Arrowe Park Hospital has been slated in a report which revealed vulnerable patients were being cared for in corridors and infection risks were not being properly managed.
The report, based on an inspection from October 8 to November 14 last year, also said the hospital was unclean in certain areas and lacked enough staff to cope with the number of patients it must care for.
The Care Quality Commission (CQC) report, which was published this week, gave the Trust that runs the hospital a rating of ‘requires improvement’, the second worst of the four possible ratings a hospital can be given.
That is the same rating that Arrowe Park Hospital’s emergency department got in its previous inspection last year.
But in this report the hospital did receive a rating of 'good' for its caring approach and improved its leadership rating from 'inadequate' to 'requires improvement'.
Perhaps the hospital’s lack of cleanliness and its vulnerability to infection is the most worrying part of the report, given the current global battle against coronavirus - though the inspection was conducted some months before the first recorded cases in the UK, and before the hospital was used to quarantine travellers returning from Wuhan in China.
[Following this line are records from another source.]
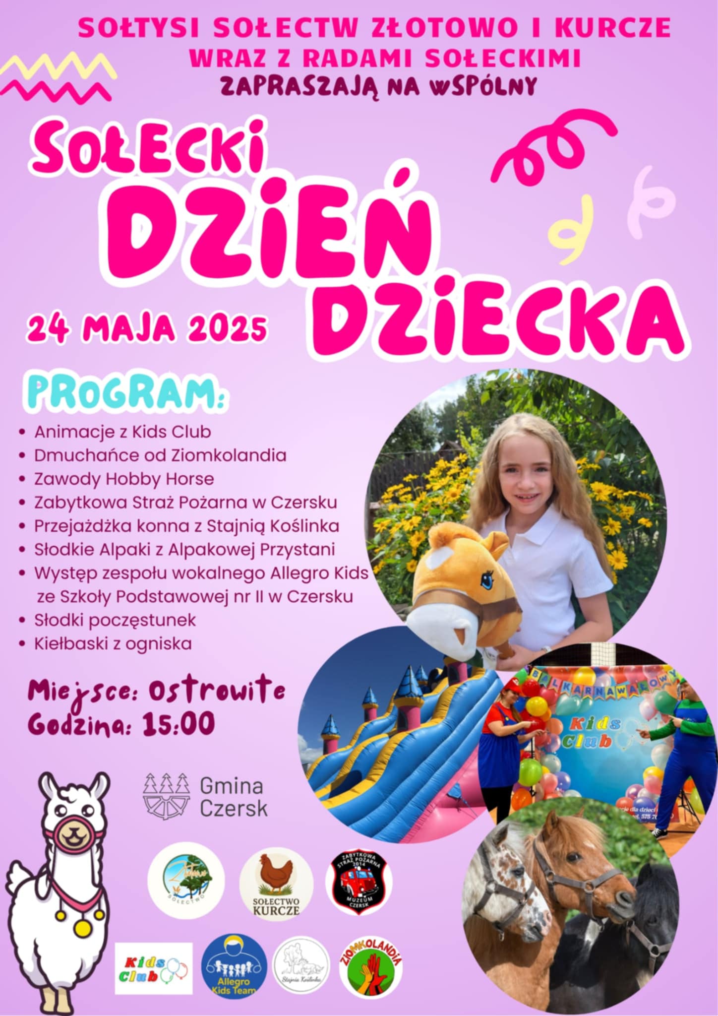W programie wiele atrakcji dla najmłodszych: animacje z Kids Club, dmuchańce od Ziomkolandii, zawody Hobby Horse, Zabytkowa Straż Pożarna z Czerska, przejażdżki konne ze Stajnią Koślinka, słodkie alpaki z Alpakowej Przystani, występ zespołu wokalnego Allegro Kids ze Szkoły Podstawowej nr 2 w Czersku, słodki poczęstunek oraz kiełbaski z ogniska.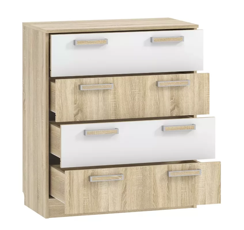 Комод «Фанк» - идеально подходит для обустройства комнаты подростка. Светлые тона мебели, выдержанный стиль прекрасно смотрятся в любом интерьере. Четыре удобных выдвижных ящика – это огромный объем для хранения белья, предметов одежды и аксессуаров. Выдвижные ящики оснащены шариковыми направляющими полного выдвижения, равномерно распределяют вес содержимого и обеспечивают плавный бесшумный ход ящика. Комод отлично сочетается с другими моделями коллекции «Фанк».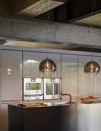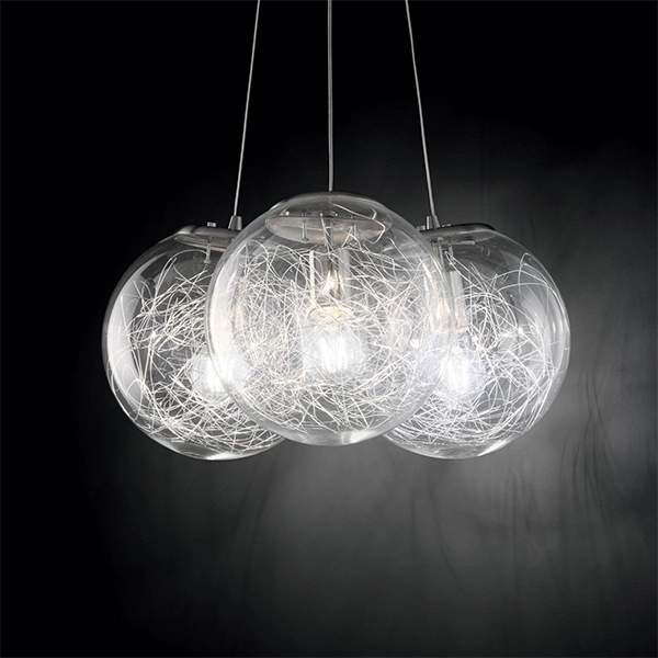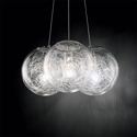 Mapa Sat è una lampada a sospensione che rappresenta un oggetto di design imperdibile nell'arredamento della casa o di strutture alberghiere. La montatura è in metallo con finitura nickel o ottone, mentre il diffusore è in vetro soffiato trasparente con decoro interno in filo d’alluminio.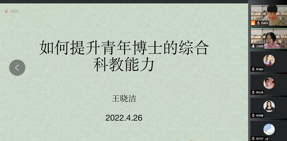 4月26日晚,EMC易倍经理王晓洁教授于线上作了题为“如何提升青年博士综合科教能力”的学术讲座。讲座由EMC易倍副经理仇晓洁主持,公司师生50余人参加。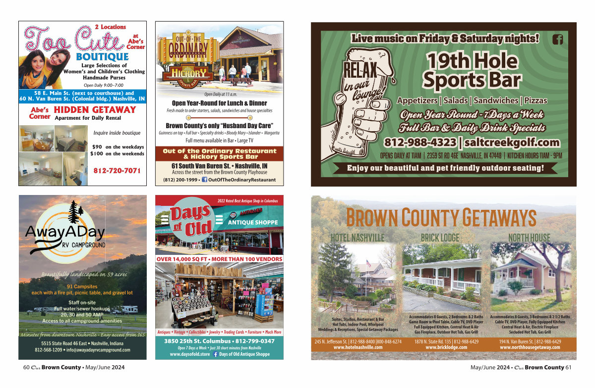 61 South Van Buren St. • Nashville, IN Across the street from the Brown County Playhouse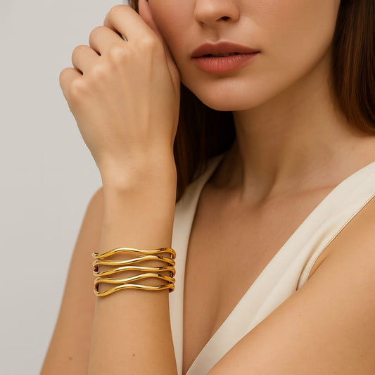 Fluid Wave Layered Cuff Bracelet – 18K Gold Plated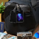 Große, blaue, künstlerisch gezeichnet, leuchtende, helle Quallen, mit langen Tentakeln auf schwarzem Hintergrund mit lila Biolumineszenz. Leuchtende Quallen.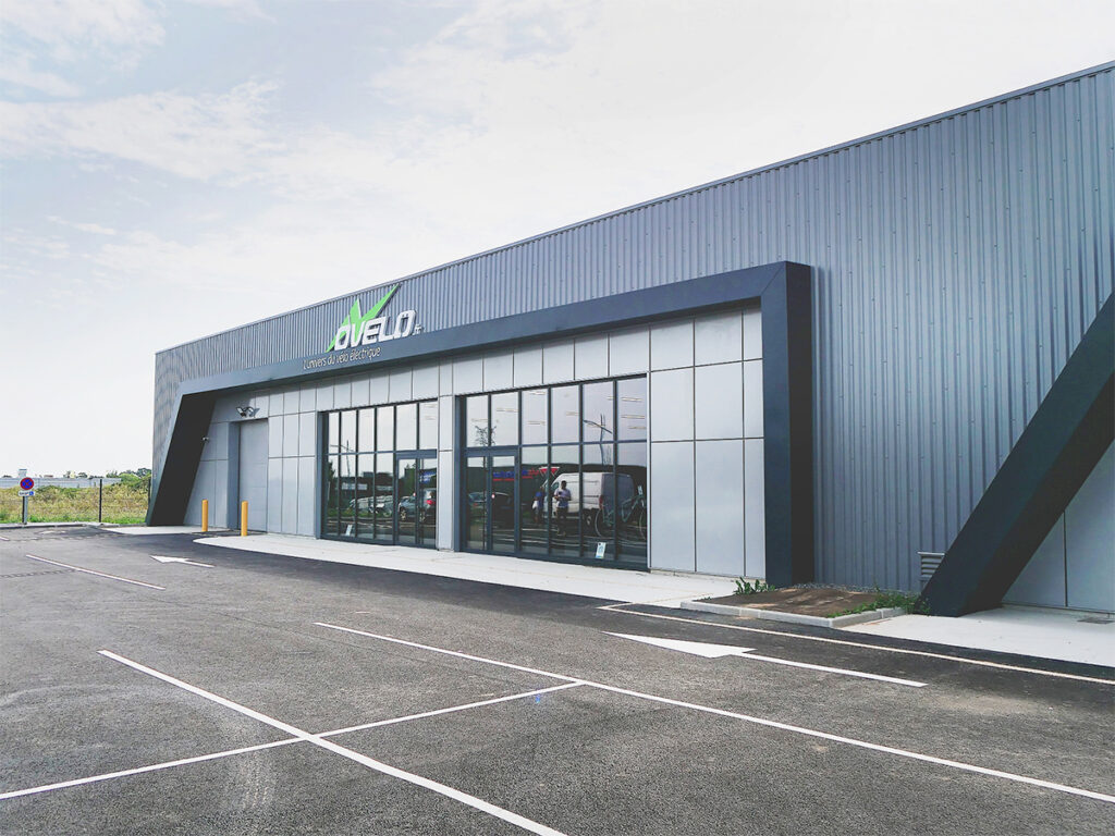 Même dans une zone réservée aux autos, le vélo vient asseoir son nouveau dynamisme ! En phase de conception, l’enjeu principal était de mettre en scène les deux roues à l’intérieur de la cellule commerciale.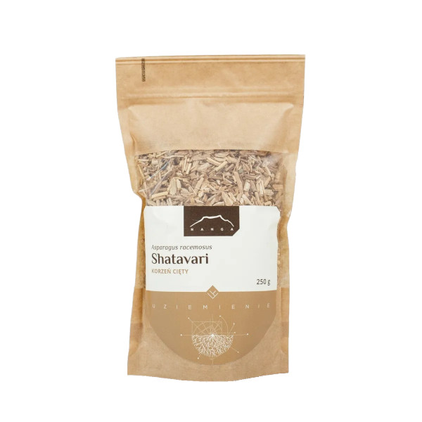 Shatavari (Asparagus racemosus) – roślina z rodziny szparagowatych, o miękkich, cienkich liściach, kształtem przypominających igły. Naturalnie występuje w całej Azji, a szczególnie w Indiach, Nepalu i Sri Lance. Charakteryzuje się silnym systemem korzeniowym – jej korzenie osiągają do 1 metra długości i to właśnie one są głównym surowcem zielarskim. Zawierają wiele cennych substancji aktywnych, wśród których obecne są izoflawony, pełniące rolę naturalnych fitoestrogenów – związków wykazujących korzystne działanie na gospodarkę hormonalną. W Sanskrycie słowo shatavari oznacza “tą, która ma stu mężów”, co podkreśla szczególne znaczenie tej rośliny dla kobiet. Według Ajurwedy Asparagus racemosus reguluje cykl miesiączkowy, pobudza laktację, podnosi libido i zwiększa płodność, łagodzi okołomenstruacyjne napięcie nerwowe, a także te wynikające z okresu przekwitania. Shatavari dobrze wpływa na nastrój, łagodzi stres i wspiera prawidłowe funkcjonowanie układu nerwowego.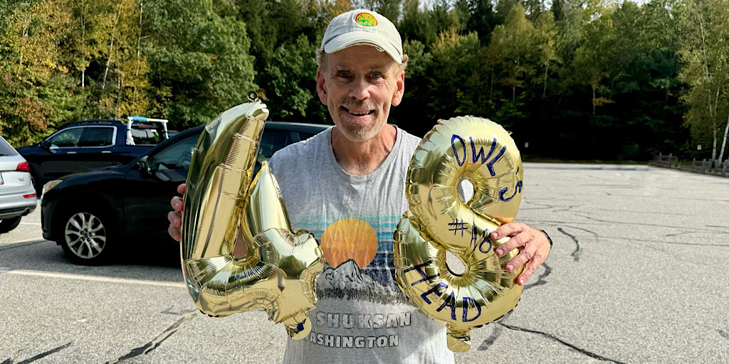 We mentioned in the blog post about his last hike that we led with this now-returning guest that there were two peaks left to finish his quest for the 48, and that after it, only one remained. Well, fast forward to this hike led by Redline Guide Hayley LaPointe, and now the deed has been done. #48 on Owls Head Mtn — or rather #48 after returning to the trailhead. After all, as with many hikes, reaching the highest point means you’re only half way done. But with that we’ll step aside for Hayley to tell the rest.
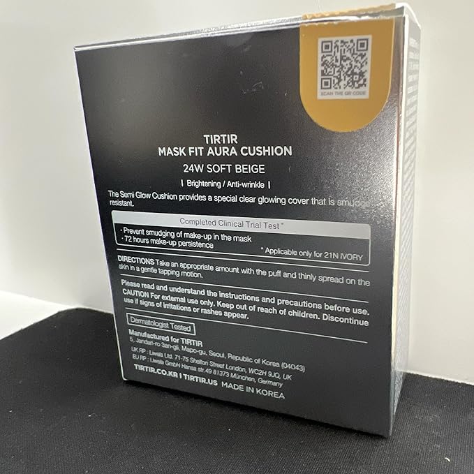 TIRTIR Mask Fit Aura Silver Cushion Foundation | Semi-glow Finish, Natural Coverage, Moisturizing, Lightweight, Korean cushion foundation (#24W Soft Beige, Full Size, 0.63 Fl Oz)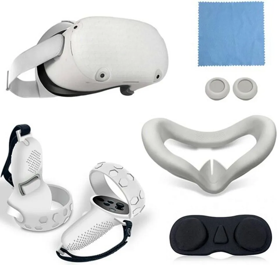 В набор входит: салфетка из микрофибры, 2 накладки для очков, силиконовый чехол для Oculus Quest 2, чехлы для контроллеров 2 шт, накладки на стики 2 шт.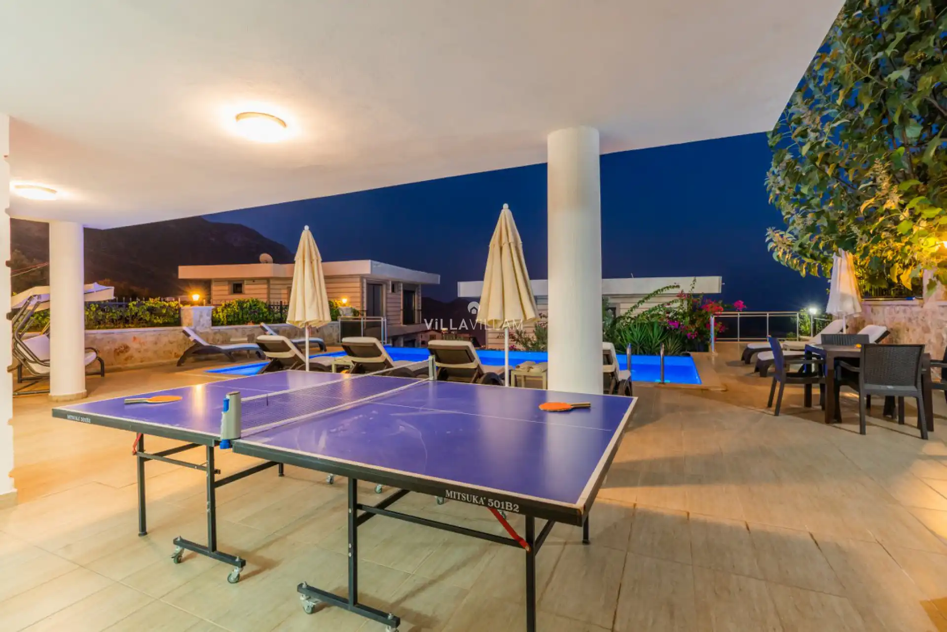 Tatilinize renk katacak havuz terasında kapasiteye uygun şezlong takımı, oturma grubu, masa tenisi ve barbekü alanı ile keyifli bir alana sahiptir. İç mekanda konforlu oturma odası ve tam donanımlı açık mutfağı; birinci yatak odasında çift kişilik yatak, jakuzi ve ebeveyn banyosu; ikinci ve üçüncü yatak odasında bir çift kişilik yatak ve banyo; dördüncü ve beşinci yatak odasında iki tek kişilik yatak ve banyo bulunmaktadır.

The report read: “Services did not always control infection risk well, with staff not always using control measures to protect patients, themselves and others from infection.
“There were areas that were not clean and clinical waste was not always disposed of appropriately.”
There was an infection outbreak at the hospital last year but despite this the relevant practitioners were not always consulted when decisions were made to open wards with a known infection outbreak or infection control risk.
The movement of patients around the hospital was also a major concern in the report, which read: “The service did not discharge patients in a timely manner and did not minimise the number of patient moves between wards at night.
“There were times when patients were cared for in corridors in urgent and emergency services.”
This posed a risk to patient safety.
Inspectors said the hospital must improve the privacy and dignity of patients cared for in the emergency department.
There were also areas where patients did not have access to call bells, vital for getting them assistance in an emergency.
Inspectors said there were sometimes too few staff to cope with the number of patients and in some areas turnover was high, with an increasing number of vacancies.
This capacity issue was not helped by the fact that there were a “high number” of patients still at the hospital despite being fit to be discharged.
The hospital has also failed to meet waiting time targets in recent months.
95% of A&E patients should be seen within four hours, but in December just 72.1% of A&E patients were seen within this time.
Another problem at the hospital was equipment.
In some areas, the hospital lacked the tools staff needed to do their jobs, while in others equipment was poorly maintained or not fit for purpose.
Arrowe Park Hospital’s approach to children’s mental health was also criticised.
This passage of the report is particularly damning: “There was no mental health awareness training in children’s and young people’s services despite staff regularly caring for children and adolescents with symptoms of mental health illness.
“They did not receive training to support those who lacked capacity to make their own decisions in these services.”
In terms of adult mental health, the report said services did not ensure staff had the “knowledge, skills or ability” to care for patients with mental health needs.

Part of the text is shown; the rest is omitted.